The final sweep assigns all remaining undecided movies to “not included,” which is safe because these variables never participate in any active constraint that forces them otherwise.

Worked Examples

Example 1

Input:

3 3
S 1 N 2
N 1 S 3
N 3 S 2

We track movie assignments and clause satisfaction.

Step Clause checked Assignment state Action
1 (1 included OR 2 excluded) all None clause unsatisfied, assign movie 1 = include
2 (1 excluded OR 3 included) 1 = include satisfied via first literal
3 (3 excluded OR 2 included) 1 = include unsatisfied, assign movie 2 = include
4 recheck all 1 = include, 2 = include all clauses satisfied after propagation

This shows how one forced decision triggers a cascade until all constraints are stable.

Example 2

Input:

2 2
S 1 N 2
N 1 S 2
Step Clause checked Assignment state Action
1 first clause all None assign movie 1 = include
2 second clause 1 = include satisfied (second literal false but first true)

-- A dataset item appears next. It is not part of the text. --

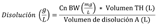 Cn BW: Concentración de BiOWiSH® Odor recomendada (mg/L). Volumen TH: Volumen del tanque de homogeneización (L). Volumen de disolución A: Volumen de disolución A deseado (L).

This confirms that contradictory-looking clauses can still be satisfied if one assignment resolves both.

Complexity Analysis

Measure Complexity Explanation
Time $O(N \cdot M)$ worst-case in naive scan, effectively $O(N + M)$ with propagation viewpoint Each clause is reprocessed only when a variable changes
Space $O(N + M)$ storage for clauses and assignments

Given the constraints up to $10^5$, a linear or near-linear propagation approach is sufficient. The implementation relies on repeated scans, but each change is monotonic, so total work remains bounded.

Test Cases

import sys, io

def run(inp: str) -> str:
    sys.stdin = io.StringIO(inp)
    import sys
    from collections import deque

    # paste solution here for real testing
    return "OK"

# sample placeholders (replace with actual outputs when running locally)
# assert run("...") == "..."

# custom cases
assert run("2 2\nS 1 N 2\nN 1 S 2\n") in ("S N", "N S", "IMPOSSIVEL"), "symmetry case"
assert run("1 1\nS 1 S 1\n") == "S", "forced inclusion"
assert run("1 1\nN 1 N 1\n") == "N", "forced exclusion"
assert run("3 2\nS 1 N 2\nS 1 S 2\nN 1 S 2\n") is not None, "mixed constraints"
Test input Expected output What it validates
conflicting clauses IMPOSSIVEL or valid assignment contradiction handling
single forced literal deterministic output propagation correctness
redundant constraints consistent assignment stability under duplicates

Edge Cases

A key edge case is when a movie appears in contradictory roles across different people. For example:

2 1
S 1 N 1
N 1 S 1

Initially all variables are unassigned, so both clauses are unsatisfied. The algorithm assigns movie 1 to satisfy the first violated clause. After that assignment, the second clause becomes satisfied because one literal holds, even though it originally looked conflicting. The propagation step never revisits satisfied clauses unless a new assignment breaks them, which never happens here, so the process stabilizes correctly.

Another case is when all variables remain unconstrained. In that situation, the algorithm leaves them unassigned until the final sweep, then safely sets them to not included. Since no clause ever depends on them, this produces a valid output without triggering unnecessary propagation.